Specifying a Unique Index
With storage enabled, "Unique Index" is a multi-select dropdown listing all defined column names. Select one or more fields as the deduplication basis:
- No fields selected: All column value combinations are SHA256 hashed by default. Completely identical rows are treated as duplicates — only the first is kept.
- Some fields selected: Only the selected field combinations are hashed for deduplication. For example, selecting
order_idmeans rows with the same order ID are deduplicated, even if other fields (price, status) differ.
Example: 5 columns collected — id, name, price, status, time
No unique index selected → Rows with identical 5-column values are treated as duplicates
id selected → Rows with the same id are treated as duplicates (later ones skipped)

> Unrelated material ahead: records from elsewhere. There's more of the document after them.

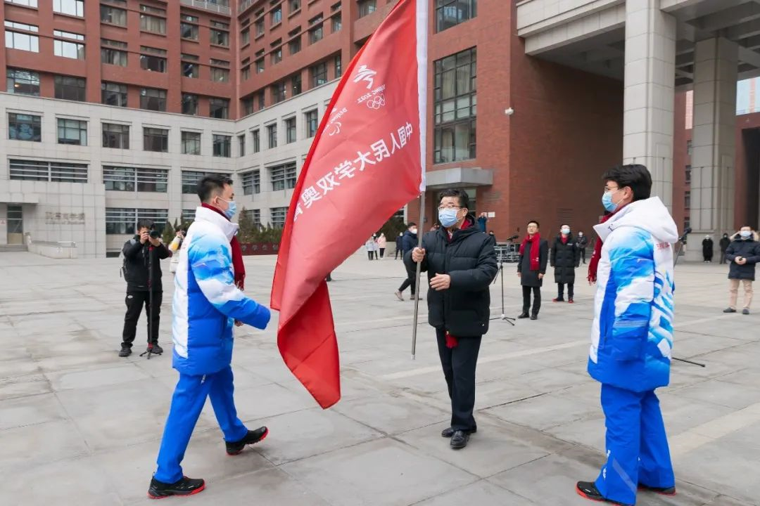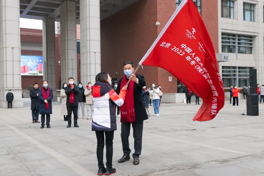 在简短而庄重的出征仪式上,张东刚、刘伟分别为服务保障北京2022年冬(残)奥会党员先锋队、“双奥青年”志愿服务队授旗。首都体育馆场馆群志愿者领域经理丁莉婷,校团委副书记、经济学院博士研究生陈诚作为代表接旗。
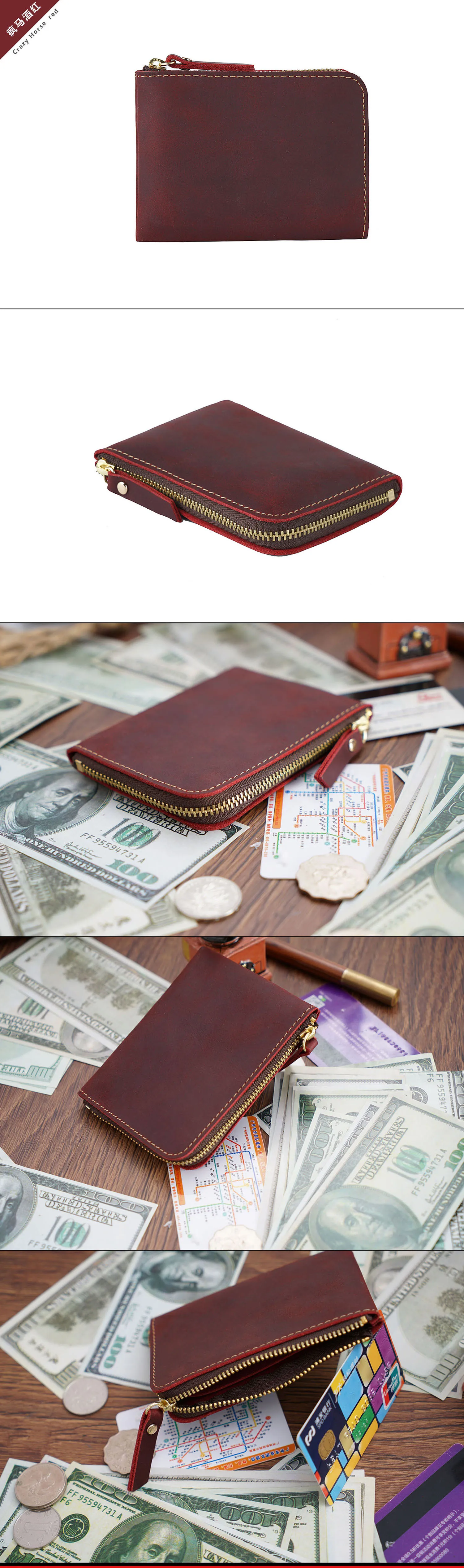 Мужской бумажник ручной работы из натуральной кожи, короткий винтаж...
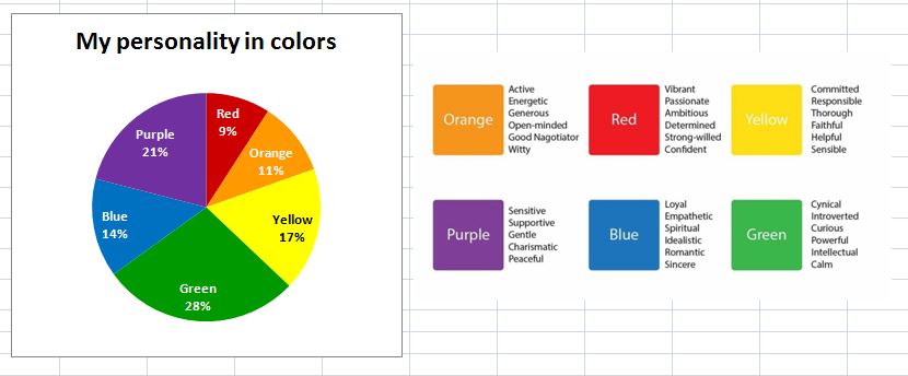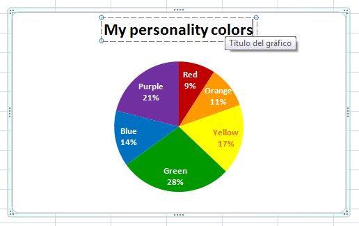 Finalmente, cambia el título del gráfico. Selecciónalo y escribe "My personality colors"

id, status selected → Rows with the same id AND status are treated as duplicates
If you don't want any deduplication at all, add a column that is unique per row (e.g., current timestamp or auto-increment index) and set it as the unique index. This way every row's hash is different, and no data is skipped.
$item vs. :self
Both are used to reference the "current row" in column rules; the difference is where they're used:
| Usage | Applicable Scenario | Meaning |
|---|---|---|
{{$item}} | Variable reference, code block columns | The current row data object |
{{$item.field}} | Variable reference column in array mode | A specific property of the row object |
:self | CSS selector column | The current row DOM element itself |
:self(.class) | CSS selector column | A descendant within the row element with the specified class |
$itemis a runtime variable automatically injected during column computation; no manual definition is required.
Parameter Reference
| Parameter | Type | Default | Description |
|---|---|---|---|
| Target Object | Dropdown | selector | CSS Selector — extract from page DOM; Array List — extract from existing array variable |
| Row Data | Text | — | Required. Selector mode: CSS selector; Array mode: {{variableName}} |
| Column Name | Text | — | Field name — the key in the output data |
| Column Value Source | Dropdown | — | CSS Selector / Manual Input / Variable Reference / Code Block |
| Output Variable | Text | — | Variable name to store the result. When storage is enabled, also serves as the database table name |
| Unique Index | Multi-select | All fields | Specifies which fields to use for deduplication. If not set, all column value combinations are used. Based on SHA256 hashing |
FAQ
Row selector matches elements but column extraction is empty
Symptom: The row count is correct, but every column's value is empty.
Cause: The column extraction rule didn't hit anything within the row elements — the column selector may target the entire page rather than within the row.
Solution: Column extraction rules are automatically scoped to within the row element. In DevTools, first select a row element, then verify the selector within it.
Some data is skipped and not stored in the database
Symptom: Fewer data records were collected than expected; some rows weren't written to the database.
Cause: By default, all field combinations are deduplicated. If two rows have identical values for all fields, the later one is skipped. If a unique index is specified, only the specified fields are used for deduplication.
Solution: To deduplicate by specific fields (e.g., only by order_id), select those fields in "Unique Index." To prevent deduplication from affecting collection results, add a unique identifier column (e.g., auto-increment index, current timestamp, etc.).
Collected text has messy formatting
Symptom: Extracted text has leading/trailing spaces or line breaks, or numbers come out as strings.
Cause: Raw text in HTML retains formatting characters.
Solution: Use the Data Transform Pipeline to clean column data — add trim to remove whitespace, toNumber to convert to numbers, stripHTML to remove tags, etc.